Compsosaris testacea

Scientific classification
- Domain: Eukaryota
- Kingdom: Animalia
- Phylum: Arthropoda
- Class: Insecta
- Order: Lepidoptera
- Family: Gelechiidae
- Genus: Compsosaris
- Species: C. testacea
- Binomial name: Compsosaris testacea Meyrick, 1914

= Compsosaris testacea =

- Authority: Meyrick, 1914

Species of moth

Compsosaris testacea is a moth in the family Gelechiidae. It was described by Edward Meyrick in 1914. It is found in Guyana.

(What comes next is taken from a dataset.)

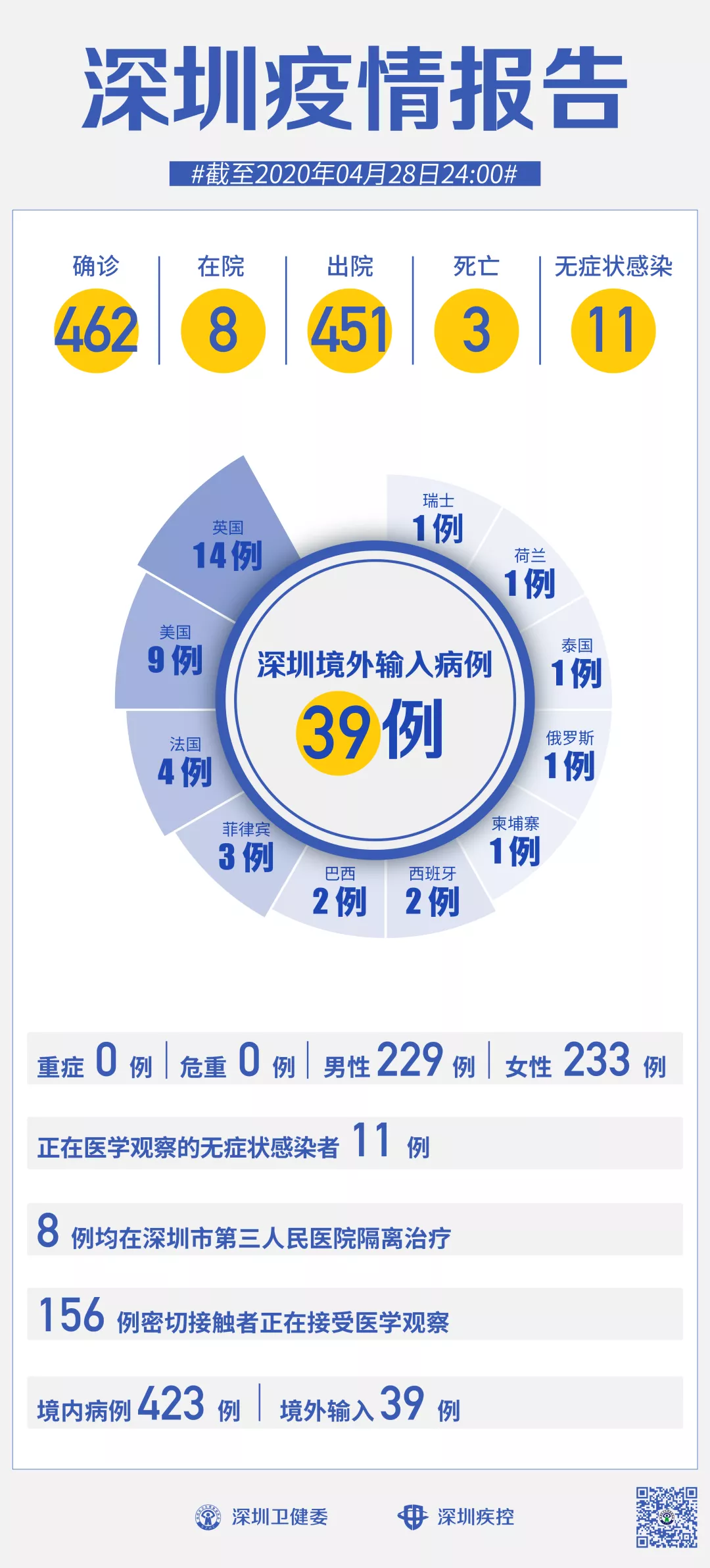 截至4月28日24時(shí),深圳累計(jì)報(bào)告新冠肺炎病例462例。4月28日當(dāng)天新增境內(nèi)病例1例,出院4例。

The wingspan is 8–9 mm. The forewings are ochreous whitish with three oblique wedge-shaped ochreous-brown or deep yellow-ochreous patches on the costa, blackish on the costal margin, the first towards the base, less marked, the second before the middle, the third at about three-fourths, sometimes extended almost to the termen, and marked in the disc with a fine black dash, the two latter edged posteriorly by clear white strigulae. The discal stigmata are black and there is a suffused ochreous spot on the fold at one-fourth, a larger one beneath the first discal, and one more elongate and distinct between the first and second discal. A triangular grey tornal spot is found beneath the second discal, edged anteriorly with some black scales and the apical portion of the costa is suffused with ochreous. The hindwings are grey.